Restaurant wants to use marijuana to ease lobsters’ pain. Slow your roll, Maine says

Restaurant wants to use marijuana to ease lobsters’ pain. Slow your roll, Maine says
Can lobsters even get high?

By Mihir Zaveri
c.2018 New York Times News Service

Your death is imminent. It will be painful. Minutes beforehand, your executioner hands you … a joint.

“If somebody offered me that option and said, ‘Hey, do you want to do this first?'” said Charlotte Gill, the owner of Charlotte’s Legendary Lobster Pound in Southwest Harbor, Maine, “I would say a resounding ‘yes.'”

Gill wants to present that opportunity to the crustaceans whose deaths her business is built on, trying to use marijuana to get them high so they have a painless, stress-free plunge into boiling water.

In recent days, Gill’s methods have generated a fair amount of publicity as well as skepticism: Can lobsters even get high? Do they feel pain? If a lobster can and does get high, could someone who eats it absorb the marijuana? And is any of this even allowed?

The answer to that last question appears to be no, at least for now, Maine says.

The state’s health inspectors “would treat food served to consumers at licensed eating places and affected by marijuana, as has been described with this establishment, as adulterated and therefore illegal,” Emily Spencer, a spokeswoman for the state’s Department of Health and Human Services, said Thursday.

In a series of tests, restaurant employees put a lobster in a small container and added a few inches of water.

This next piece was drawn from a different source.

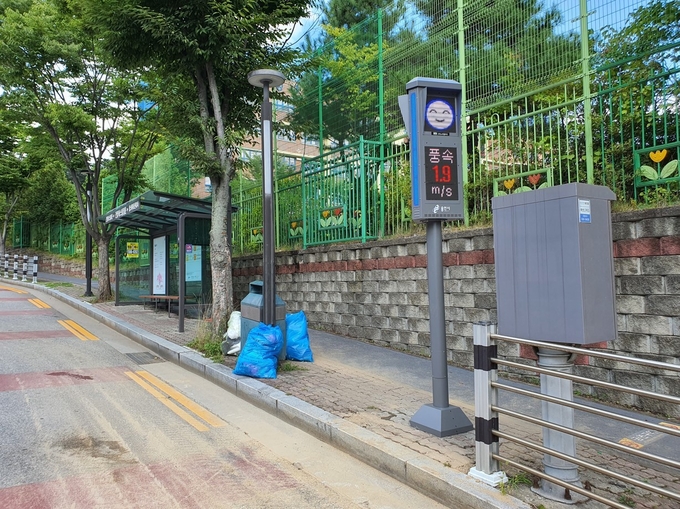 대청초등학교 버스정류장 앞에 설치된 미세먼지 알림 신호등

They channeled marijuana smoke through a tube until the container was filled with it, and kept the lobster there for about three minutes.

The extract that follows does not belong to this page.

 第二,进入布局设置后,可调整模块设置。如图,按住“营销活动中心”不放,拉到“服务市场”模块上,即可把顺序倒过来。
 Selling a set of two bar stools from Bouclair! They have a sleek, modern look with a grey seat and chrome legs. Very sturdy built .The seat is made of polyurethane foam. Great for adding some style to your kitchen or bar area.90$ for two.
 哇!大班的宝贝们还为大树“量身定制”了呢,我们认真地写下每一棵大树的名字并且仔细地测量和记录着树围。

Before the lobster went into the container, it would flap its tail and click and wave its claws. After being exposed to the smoke, the lobster was docile and serene, Gill said.

Gill, 47, grows the marijuana at her home, and she said she had a license to do so. Voters in Maine narrowly approved a measure in 2017 to legalize recreational marijuana for adults over 21.

But on Thursday evening, Gill said, she received notice from Maine’s Health Department that she was using the marijuana in a prohibited way because “it is supposed to be used only for myself and not a lobster.”

Whether lobsters can feel pain is unclear, said Michael Tlusty, a professor of sustainability and food solutions at the University of Massachusetts Boston who has researched lobsters. Lobsters experience the world in fundamentally different ways than humans do, he noted.